A
collection of
digital books,
digital articles,
digital films or
digital documents in
other media.
The american government funded several digital library research and development projects, on the assumption that libraries were central to the information superhighway. Most of these projects have designed and built software architectures that are too high bandwidth, too proprietary or flexible in wrong dimensions for use on the internet. Examples include the Alexandria Digital Library Project http://alexandria.sdc.ucsb.edu/ and Persival http://www.cs.columbia.edu/diglib/PERSIVAL/. Successes include Perseus Project http://www.perseus.tufts.edu/. Interestingly enough, none of these has achieved quite the success of a number of essentially unfunded projects such as Gutenberg project/project Gutenberg/Project Gutenberg http://promo.net/pg/ or the Greenstone http://nzdl.org.

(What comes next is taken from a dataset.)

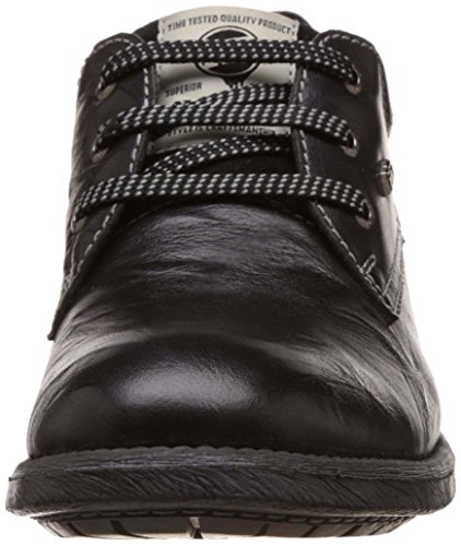 Binding : Apparel Product Description Color : Black Upper Material : Genuine Leather Sole Material : TPR Closing : Lace-up Tip Shape : Round SKU : ID9023 BLACK Lining : leather/mesh lining Add a robust touch to your character with these beautifully crafted rough boots from the house of ID. Flexible and comfortable, the sole of this pair is crafted using TPR with leather belt finish, to keep your feet comfortable all day long. These shoes are adorned with naturally processed satin finished trim and zipper detail to team up your character. Wear this shoe to showcase true grit and character. Special attributes:- padded collar with leather inner, crumbled finished leather featuring rugged with contrast tan patch. Shoe care tips:-Use good quality leather shiner for best results. Do not expose to direct sunlight or heat for extended periods. 0 |
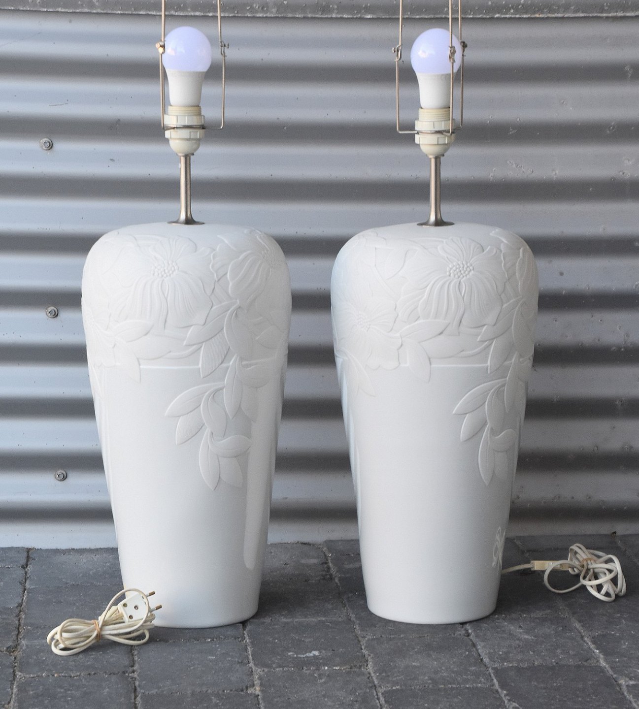 Royal Copenhagen, hvid gulvlampe. Lampen hedder Deauville og er designet af Annegrethe Halling Koch.

Many digital libraries are modeled on traditional libraries, whose organisation is the cumulation of about 3000 years of literary development. Documents are arranged in collections, each with a collections policy, which is a applicative test for inclusion in the collection (that is, the collections policy can be used to determine whether or not a document should be included in the collection). Finding aids, such as subject, author and title indexes (recently combined into a computerized library catalog) enable users to find individual documents within a collection to answer specific information needs. An information need can be anything needing to know how many tons of coal were mine in Fiji last year (none) to finding a copy of Hamlet to needing some porn.
Digital libraries are currently active in research in a number of areas, including text mining, natural language processing, classification theory, the applicability of traditional classification systems (Library of Congress Classification System, Dewey Decimal Classification and Relative Index, ACM Classification Scheme, Harvard classification system ) to digital media, automatically generated hypertext from inferred rules, etc.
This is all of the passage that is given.